■ **WORK INSTRUCTION**
Please copy every record below exactly, but leave the pictures out.

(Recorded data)

/---

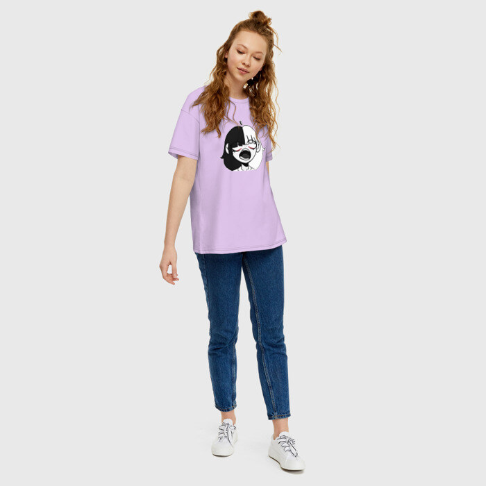Женская футболка хлопок Oversize Кричащая аниме девушка
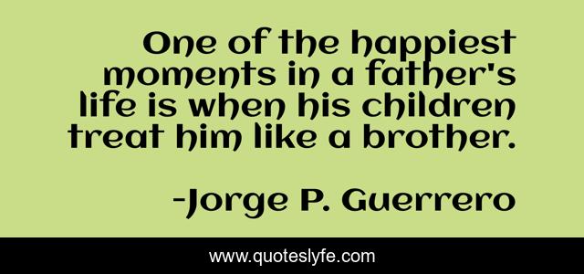 This page presents the quote "One of the happiest moments in a father's life is when his children treat him like a brother.". Author of this quote is Jorge P. Guerrero. .
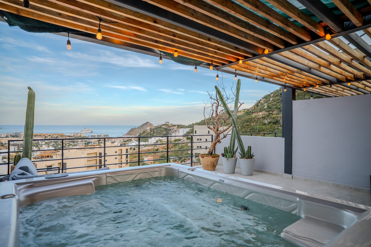 ¡Disfruta de este hermoso loft panorámico con jacuzzi privado, ubicado en la Marina de Cabo San Lucas, El espacio ofrece comodidad, privacidad y una vista espectacular, ideal para disfrutar Cabo caminando a restaurantes, bares, tours y vida nocturna. El loft está preparado para hasta 4 huéspedes, con cama King Size y sofá cama Queen Size, perfecto para parejas, amigos o familias pequeñas. Después de un día en la playa, relájate en el jacuzzi con vista a la marina.
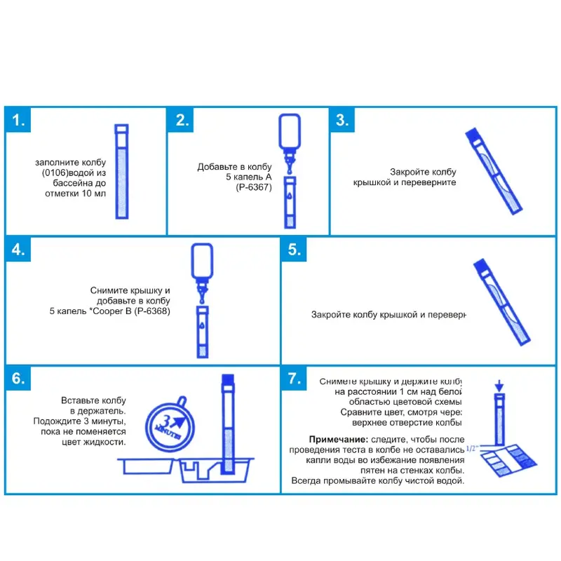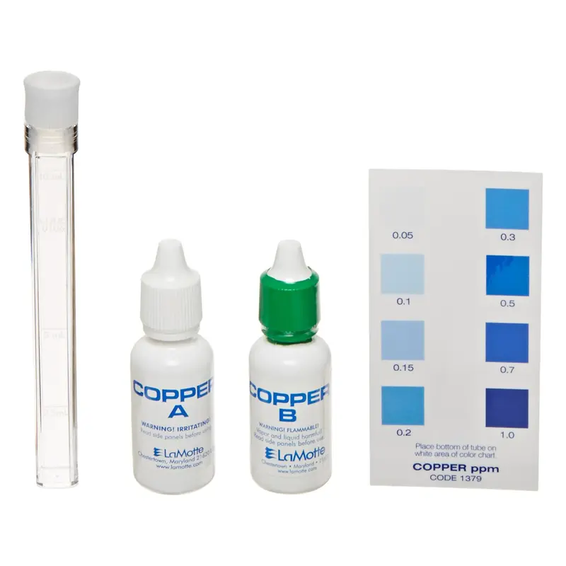 Краплинний тестер LaMotte EC-70 для визначення рівня міді у воді басейну. Використовується самостійно або з безхлорною системою знезараження E-Clear. Має зручну вимірювальну колбу для проведення тесту. Для визначення якості води використовуються реагенти
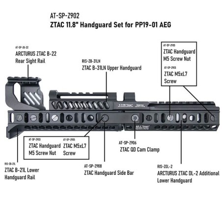- Longitud del guardamanos: 300 mm (11,8 pulgadas)
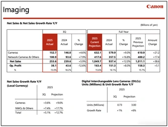 【关键信息!佳能四季度要加大促销力度了】 佳能发布 2025 年第三季度财报,营业额同比增长 2.3% 达 1.1 万亿日元,创同期新高,但营业利润受关税及重组费用影响下滑 10.3%,关税单季致利润减少 79 亿日元。 核心增长动力来自影像业务,APS-C 画幅专微相机 EOS R50、R100 等入门级机型销售坚挺,在中国及周边地区增长强劲,网络摄像机也以美国市场为中心实现增长。印刷业务虽受关税拖累,但整体需求仍存。 展望第四季度,佳能计划加大促销力度,聚焦热门机型持续发力,力争实现全年销售额同比两位数增长,以对冲全球经济下行及关税带来的不确定性。
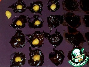 Одна девочка раскладывала в ячейки силиконовой формы шоколад маленькой ложечкой. Другая вдавливала в шоколад сахарный нут в форму - сердечки, затем коньячный нут в розочки и бантики. Верх запачкался. Я налила растительное масло в маленькую креманку. Обмакнув указательный пальчик старшая девочка сверху его поправила. Ячейки заполнены. Обтерев форму от масла и шоколада убрала её в морозильную камеру на 25 минут.
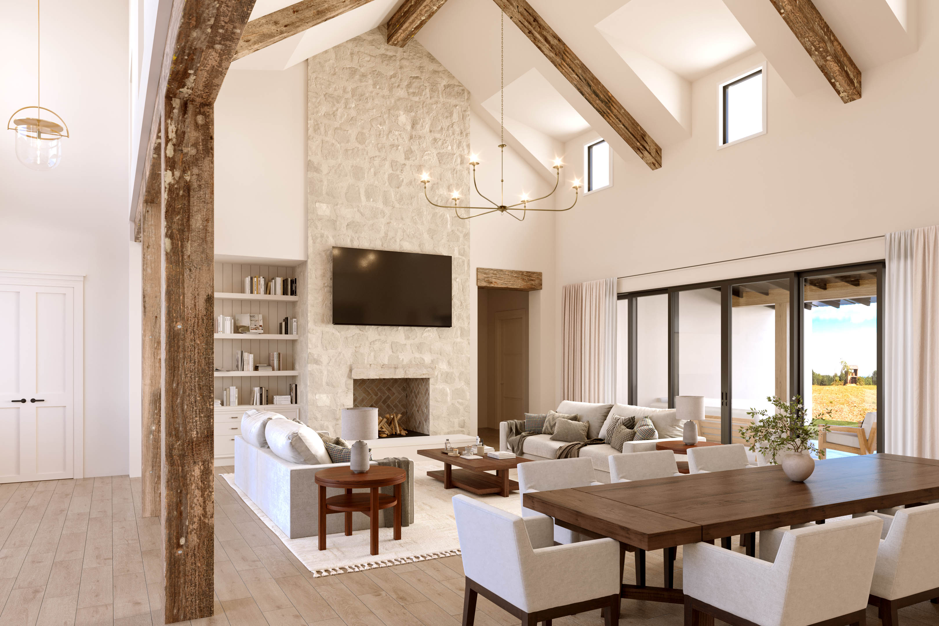 With over 5,000 square feet of thoughtfully laid-out space, the home features hand-hewn beams, wide-plank floors, and designer-curated finishes that bring depth and texture at every turn.
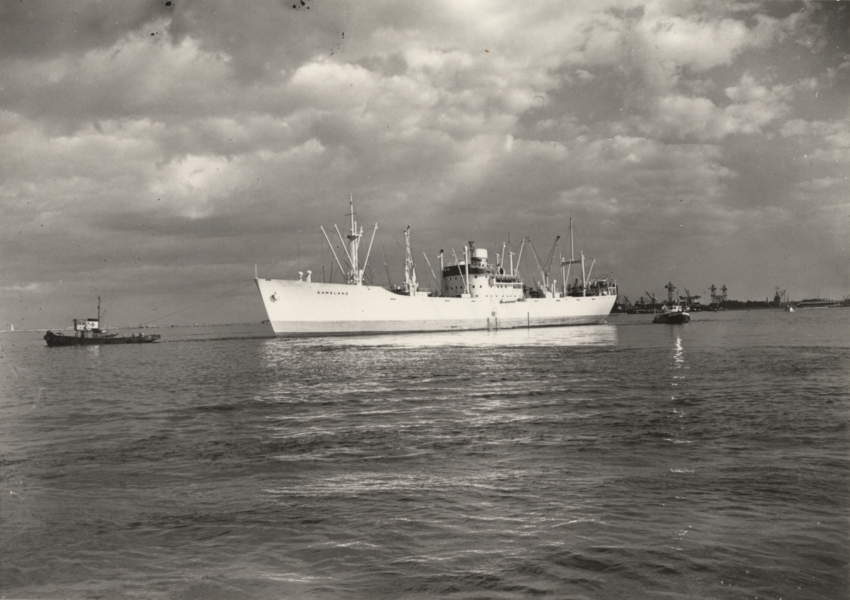 Titel: Foto i svartvitt visande lastmotorfartyget "SAMELAND" i Köpenhamn juli månad 1955.
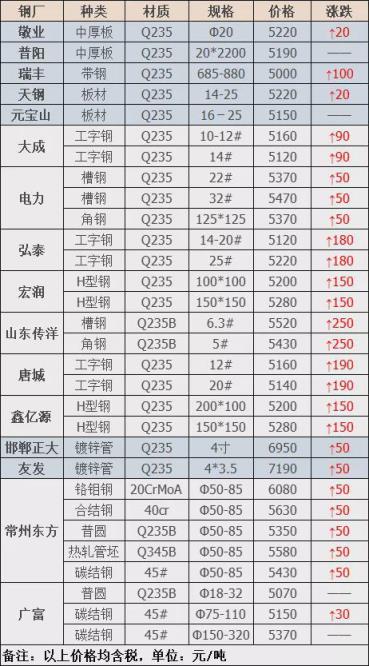 8日秦皇岛安丰执行价上调20,调后:圆钢头、冲豆3820,模具钢、大法兰片、50厚上重型3800,大槽钢、大H型钢、火车大梁3720,无油汽车大梁、汽车弓子3600,2厚马碲铁3600,冷板小料3620,三角矽钢片3620,不含税,单位:元/吨 。
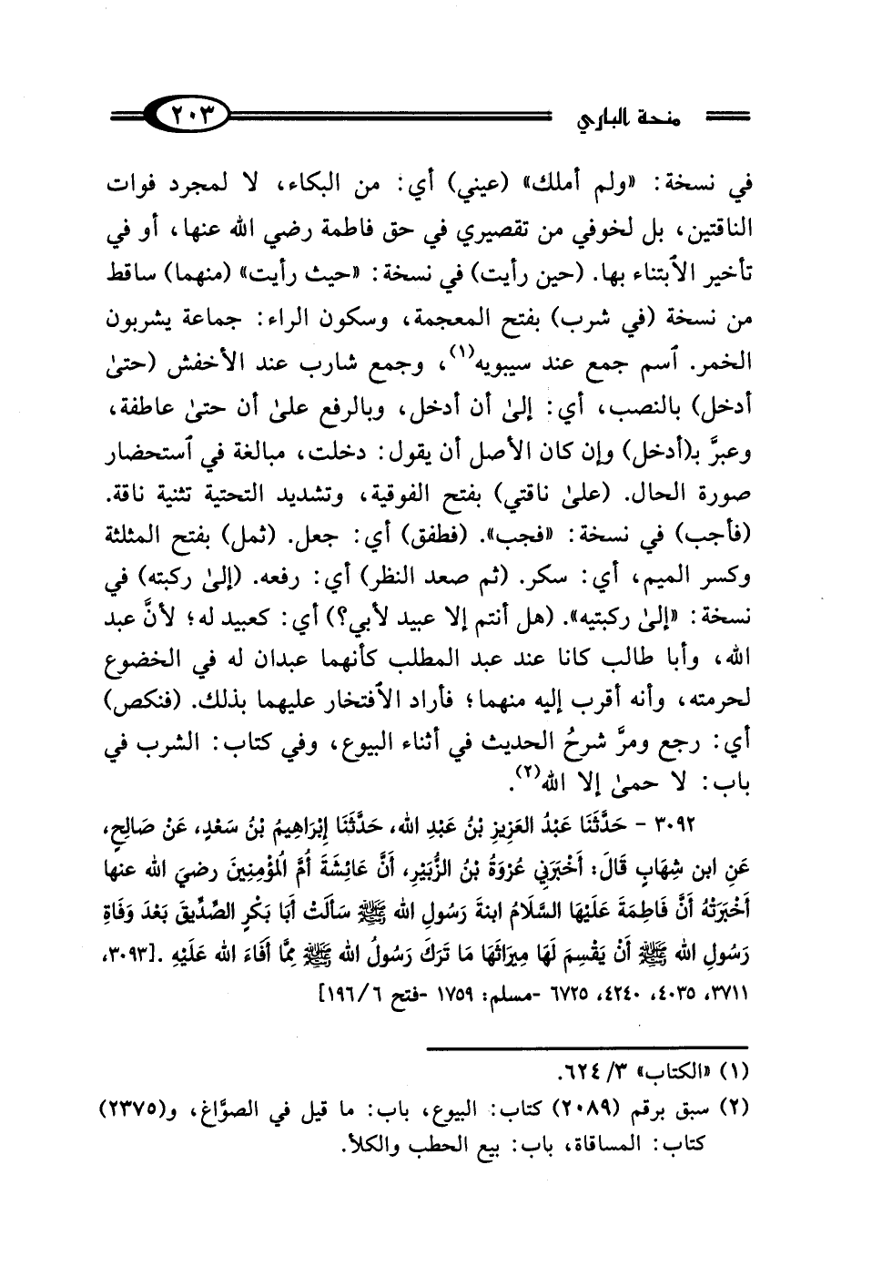 في نسخة: "ولم أملك" (عيني) أي: من البكاء، لا لمجرد فوات الناقتين، بل لخوفي من تقصيري في حق فاطمة رضي الله عنها، أو في تأخير الابتناء بها. (حين رأيت) في نسخة: "حيث رأيت" (منهما) ساقط من نسخة (في شرب) بفتح المعجمة، وسكون الراء: جماعة يشربون الخمر. اسم جمع عند سيبويه (¬1)، وجمع شارب عند الأخفش (حتى أدخل) بالنصب، أي: إلى أن أدخل، وبالرفع على أن حتى عاطفة، وعبَّر بـ (أدخل) وإن كان الأصل أن يقول: دخلت، مبالغة في استحضار صورة الحال. (على ناقتي) بفتح الفوقية، وتشديد التحتية تثنية ناقة. (فأجب) في نسخة: "فجب". (فطفق) أي: جعل. (ثمل) بفتح المثلثة وكسر الميم، أي: سكر. (ثم صعد النظر) أي: رفعه. (إلى ركبته) في نسخة: "إلى ركبتيه". (هل أنتم إلا عبيد لأبي؟) أي: كعبيد له: لأنَّ عبد الله، وأبا طالب كانا عند عبد المطلب كأنهما عبدان له في الخضوع لحرمته، وأنه أقرب إليه منهما؛ فأراد الافتخار عليهما بذلك. (فنكص) أي: رجع ومرَّ شرحُ الحديث في أثناء البيوع، وفي كتاب: الشرب في باب: لا حمى إلا الله (¬2).

\---

■ **SOLUTION TO THIS EXERCISE**
Женская футболка хлопок Oversize Кричащая аниме девушка
 This page presents the quote "One of the happiest moments in a father's life is when his children treat him like a brother.". Author of this quote is Jorge P. Guerrero. .
 ¡Disfruta de este hermoso loft panorámico con jacuzzi privado, ubicado en la Marina de Cabo San Lucas, El espacio ofrece comodidad, privacidad y una vista espectacular, ideal para disfrutar Cabo caminando a restaurantes, bares, tours y vida nocturna. El loft está preparado para hasta 4 huéspedes, con cama King Size y sofá cama Queen Size, perfecto para parejas, amigos o familias pequeñas. Después de un día en la playa, relájate en el jacuzzi con vista a la marina.
 Краплинний тестер LaMotte EC-70 для визначення рівня міді у воді басейну. Використовується самостійно або з безхлорною системою знезараження E-Clear. Має зручну вимірювальну колбу для проведення тесту. Для визначення якості води використовуються реагенти
- Longitud del guardamanos: 300 mm (11,8 pulgadas)
 【关键信息!佳能四季度要加大促销力度了】 佳能发布 2025 年第三季度财报,营业额同比增长 2.3% 达 1.1 万亿日元,创同期新高,但营业利润受关税及重组费用影响下滑 10.3%,关税单季致利润减少 79 亿日元。 核心增长动力来自影像业务,APS-C 画幅专微相机 EOS R50、R100 等入门级机型销售坚挺,在中国及周边地区增长强劲,网络摄像机也以美国市场为中心实现增长。印刷业务虽受关税拖累,但整体需求仍存。 展望第四季度,佳能计划加大促销力度,聚焦热门机型持续发力,力争实现全年销售额同比两位数增长,以对冲全球经济下行及关税带来的不确定性。
 Одна девочка раскладывала в ячейки силиконовой формы шоколад маленькой ложечкой. Другая вдавливала в шоколад сахарный нут в форму - сердечки, затем коньячный нут в розочки и бантики. Верх запачкался. Я налила растительное масло в маленькую креманку. Обмакнув указательный пальчик старшая девочка сверху его поправила. Ячейки заполнены. Обтерев форму от масла и шоколада убрала её в морозильную камеру на 25 минут.
 With over 5,000 square feet of thoughtfully laid-out space, the home features hand-hewn beams, wide-plank floors, and designer-curated finishes that bring depth and texture at every turn.
 Titel: Foto i svartvitt visande lastmotorfartyget "SAMELAND" i Köpenhamn juli månad 1955.
 8日秦皇岛安丰执行价上调20,调后:圆钢头、冲豆3820,模具钢、大法兰片、50厚上重型3800,大槽钢、大H型钢、火车大梁3720,无油汽车大梁、汽车弓子3600,2厚马碲铁3600,冷板小料3620,三角矽钢片3620,不含税,单位:元/吨 。
 في نسخة: "ولم أملك" (عيني) أي: من البكاء، لا لمجرد فوات الناقتين، بل لخوفي من تقصيري في حق فاطمة رضي الله عنها، أو في تأخير الابتناء بها. (حين رأيت) في نسخة: "حيث رأيت" (منهما) ساقط من نسخة (في شرب) بفتح المعجمة، وسكون الراء: جماعة يشربون الخمر. اسم جمع عند سيبويه (¬1)، وجمع شارب عند الأخفش (حتى أدخل) بالنصب، أي: إلى أن أدخل، وبالرفع على أن حتى عاطفة، وعبَّر بـ (أدخل) وإن كان الأصل أن يقول: دخلت، مبالغة في استحضار صورة الحال. (على ناقتي) بفتح الفوقية، وتشديد التحتية تثنية ناقة. (فأجب) في نسخة: "فجب". (فطفق) أي: جعل. (ثمل) بفتح المثلثة وكسر الميم، أي: سكر. (ثم صعد النظر) أي: رفعه. (إلى ركبته) في نسخة: "إلى ركبتيه". (هل أنتم إلا عبيد لأبي؟) أي: كعبيد له: لأنَّ عبد الله، وأبا طالب كانا عند عبد المطلب كأنهما عبدان له في الخضوع لحرمته، وأنه أقرب إليه منهما؛ فأراد الافتخار عليهما بذلك. (فنكص) أي: رجع ومرَّ شرحُ الحديث في أثناء البيوع، وفي كتاب: الشرب في باب: لا حمى إلا الله (¬2).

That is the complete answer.